If I could wave a magic wand and change things, what would I change about my life now?

The extension of that question is the concept that if there are things I would change (waving a magic wand seems like a great, easy way to proceed don't you think?) then why don't I change them anyway?

With vulnerabililty, I share with you my list. I wrote it in full indulgence of my imagination ... 

  • I would still raise my children

  • I would continue my education

  • I would diversify my income sources 

  • I would travel more

  • I would see more movies

  • I would switch to a more ecological lifestyle (with coffee and chocolate always included)

  • I would live in the countryside and go walking all the time – a good sized town with mountains all around, or a smallish place near the beach/lake

  • I would have a garden and grow my own veges

  • I would ride a bike whenever I could

  • I would swim each day

It's not an exhaustive list.

It's a 'first go' list. I wonder what I will add as time passes.
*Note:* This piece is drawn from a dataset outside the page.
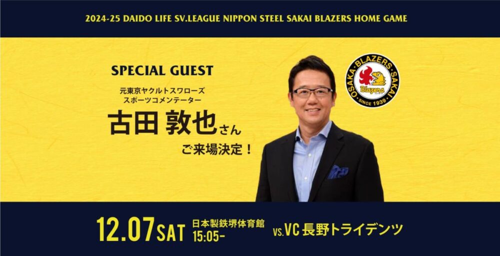 12/7(土)の試合では、元ヤクルトスワローズでスポーツコメンテーターの古田敦也さんもご来場し、一緒に試合を盛り上げてくださいますよ~!!

Above all, I found myself looking at the list and wondering exactly what it is that stops me from having the life I want right now - it's certainly not my married status I can tell you!!!

I wonder what question you would ask?

 

  • What would I do if I wasn't scared?
  • What would I do if I had the money to do it?
  • What would I change if I could re-start my education?
  • What would I do/change if I cared less what other people think?

 

Take a moment, a piece of paper and a pen ... and write down your question. Then, with courage, write down your answers.

... this is where you find your voice, what you really want ... this is where it begins.